Wrote this I meant (dumb auto correct)

Bob Phelps said...

Troy, sorry I assumed it was Tara. You did some fine writing there. I have read some great writing by both of you -- God inspired. I love you as brother and sister in Christ and admire what you are doing and have done, having been fortunate to witness small bits of it in person in the company of Rusty Merritt and David Garrett. I also was impressed the time I met your daughter, the suturing teenager who by now I guess is grown up. -- Bob Phelps

T & T Livesay said...

:) Yes, the suturing teenager finished her undergrad work at Baylor and starts Grad school this month. She misses Haiti a lot but she is now happily married and doing great! Once you said that I can recall meeting you.
Tara

April said...

Thank you, Troy and Tara, for being the eyes of God for us. I don't know what else to say, but thank you.

Maggie M said...

This is beautiful and tragic and just what I needed to shake me up today! Thank you!

Anonymous said...

There truly is no hope for Haiti. Anyone who thinks differently is really living in a sad denial.

T & T Livesay said...

The fabulous Sunday anonymous commenter from Derry, New Hampshire.

Thanks for spreading your sunshine again. We get it. You hate Haiti. You hate all the people here. You hate us. You're too chicken to comment with a real name. Why do you bother visiting here? It's an odd use of your time.

If there is no hope for Haiti, there is no hope for you or I either.

AND - even if I could agree with you that there is "no hope" and even if we are living in "sad denial" - so what?!?! - it would be wrong and inhumane to write off hurting people or places as a lost cause. Turning and looking away makes you/us every bit as hopeless as you think Haiti is.

The truth is - we are all a lost cause but Jesus came to make us worth it and give us undying hope.

2 Corinthians 4:18 (NLT)
So we don't look at the troubles we can see now; rather, we fix our gaze on things that cannot be seen. For the things we see now will soon be gone, but the things we cannot see will last forever.

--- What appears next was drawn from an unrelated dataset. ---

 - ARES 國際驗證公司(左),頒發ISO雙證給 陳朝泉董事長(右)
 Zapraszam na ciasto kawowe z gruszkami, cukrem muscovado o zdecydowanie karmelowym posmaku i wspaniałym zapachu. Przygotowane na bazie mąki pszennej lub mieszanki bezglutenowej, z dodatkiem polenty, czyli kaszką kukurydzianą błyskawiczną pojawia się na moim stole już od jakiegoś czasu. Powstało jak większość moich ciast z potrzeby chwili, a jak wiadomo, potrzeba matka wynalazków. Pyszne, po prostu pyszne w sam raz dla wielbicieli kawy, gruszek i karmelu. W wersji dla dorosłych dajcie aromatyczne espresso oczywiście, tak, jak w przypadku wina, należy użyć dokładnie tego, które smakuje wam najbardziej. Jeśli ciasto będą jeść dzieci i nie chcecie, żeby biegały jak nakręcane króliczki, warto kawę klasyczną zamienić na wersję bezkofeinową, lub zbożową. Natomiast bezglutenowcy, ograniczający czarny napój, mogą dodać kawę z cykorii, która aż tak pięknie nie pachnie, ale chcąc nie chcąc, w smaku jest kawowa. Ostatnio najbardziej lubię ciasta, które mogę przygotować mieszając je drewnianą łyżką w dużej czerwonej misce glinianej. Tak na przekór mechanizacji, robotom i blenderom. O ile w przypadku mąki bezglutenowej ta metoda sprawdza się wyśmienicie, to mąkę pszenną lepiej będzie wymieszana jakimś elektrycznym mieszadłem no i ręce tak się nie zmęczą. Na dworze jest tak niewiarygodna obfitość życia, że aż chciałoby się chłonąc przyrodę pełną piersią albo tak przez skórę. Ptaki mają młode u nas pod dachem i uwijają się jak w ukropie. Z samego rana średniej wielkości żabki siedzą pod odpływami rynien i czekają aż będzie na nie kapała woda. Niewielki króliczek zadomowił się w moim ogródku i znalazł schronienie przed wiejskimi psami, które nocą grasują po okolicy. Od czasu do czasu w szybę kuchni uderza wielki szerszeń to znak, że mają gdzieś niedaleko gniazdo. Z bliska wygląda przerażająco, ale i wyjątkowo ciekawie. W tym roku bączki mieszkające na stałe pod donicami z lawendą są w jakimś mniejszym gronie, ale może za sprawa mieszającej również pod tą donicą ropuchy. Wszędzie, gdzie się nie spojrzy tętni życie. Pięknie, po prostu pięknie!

Romans 8:24 For in this hope we were saved. But hope that is seen is no hope at all. Who hopes for what he already has?

Hebrews 11:1 Now faith is being sure of what we hope for and certain of what we do not see.

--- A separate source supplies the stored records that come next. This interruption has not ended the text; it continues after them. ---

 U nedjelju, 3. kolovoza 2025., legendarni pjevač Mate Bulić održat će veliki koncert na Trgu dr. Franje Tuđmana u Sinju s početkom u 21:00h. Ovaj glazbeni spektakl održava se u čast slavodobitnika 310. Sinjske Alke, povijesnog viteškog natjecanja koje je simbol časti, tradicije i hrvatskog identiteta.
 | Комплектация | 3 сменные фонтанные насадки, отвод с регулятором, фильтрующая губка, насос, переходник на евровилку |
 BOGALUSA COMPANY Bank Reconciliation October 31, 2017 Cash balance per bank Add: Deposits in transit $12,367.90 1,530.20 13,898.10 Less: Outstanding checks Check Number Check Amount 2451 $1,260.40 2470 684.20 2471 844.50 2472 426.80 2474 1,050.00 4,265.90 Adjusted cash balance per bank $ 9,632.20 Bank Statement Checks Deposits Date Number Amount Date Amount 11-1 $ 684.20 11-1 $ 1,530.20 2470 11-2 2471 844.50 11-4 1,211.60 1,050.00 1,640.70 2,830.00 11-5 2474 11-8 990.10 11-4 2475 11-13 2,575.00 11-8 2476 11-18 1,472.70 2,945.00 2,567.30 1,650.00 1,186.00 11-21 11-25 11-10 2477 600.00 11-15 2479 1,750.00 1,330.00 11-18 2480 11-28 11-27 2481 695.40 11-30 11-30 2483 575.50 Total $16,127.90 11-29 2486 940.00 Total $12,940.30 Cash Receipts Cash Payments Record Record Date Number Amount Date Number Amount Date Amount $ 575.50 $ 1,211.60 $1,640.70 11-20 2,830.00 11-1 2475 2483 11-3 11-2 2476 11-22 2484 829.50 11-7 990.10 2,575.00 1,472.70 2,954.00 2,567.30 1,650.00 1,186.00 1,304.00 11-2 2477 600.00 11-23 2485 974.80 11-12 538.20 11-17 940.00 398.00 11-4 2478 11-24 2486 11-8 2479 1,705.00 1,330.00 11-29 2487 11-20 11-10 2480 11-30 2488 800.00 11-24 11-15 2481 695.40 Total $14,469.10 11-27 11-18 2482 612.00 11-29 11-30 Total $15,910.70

There is always hope. And you always have the option of not coming to this blog.

Anonymous said...

Excellent response. There is always hope....for everyone and everything. with God ALL things are possible.

Karen Osler said...

Awesome visual portrayal of what a young mother goes through and that there are layers to non-compliance.....many layers- each needing it's own level of intervention. Writing it off behind the nameless/faceless identity of anonymous is so cowardly. Thank you for your response. Why would you even visit this website if you weren't remotely interested. I have zero respect for the many cowards named anonymous on the internet. Don't talk about it, BE about it. Such inaction...such useless opinion. That being said there is something I need to DO something for my brother/sister. I don't care where your brother/sister is - next door, next country. ACT don't talk! Typing costs me nothing.

The Beaver Bunch said...

I've been saving this post in my reader since you posted it.

We're moving to East Africa next year to be full time missionaries. We have 6 young kids with 1 on the way (due 4 mos before we leave). Lately, the enemy has been fierce with his ploys to keep us from going.

Doubt, selfishness, doubt, insecurity, doubt and doubt have plagued my mind. I've wondered if it's really worth it.

Then I read this. And I remembered that HE called us, HE will equip us and it's so FREAKING worth it.

I don't comment often but I read every post. Thank you so much for being honest, vulnerable and amazingly hilarious.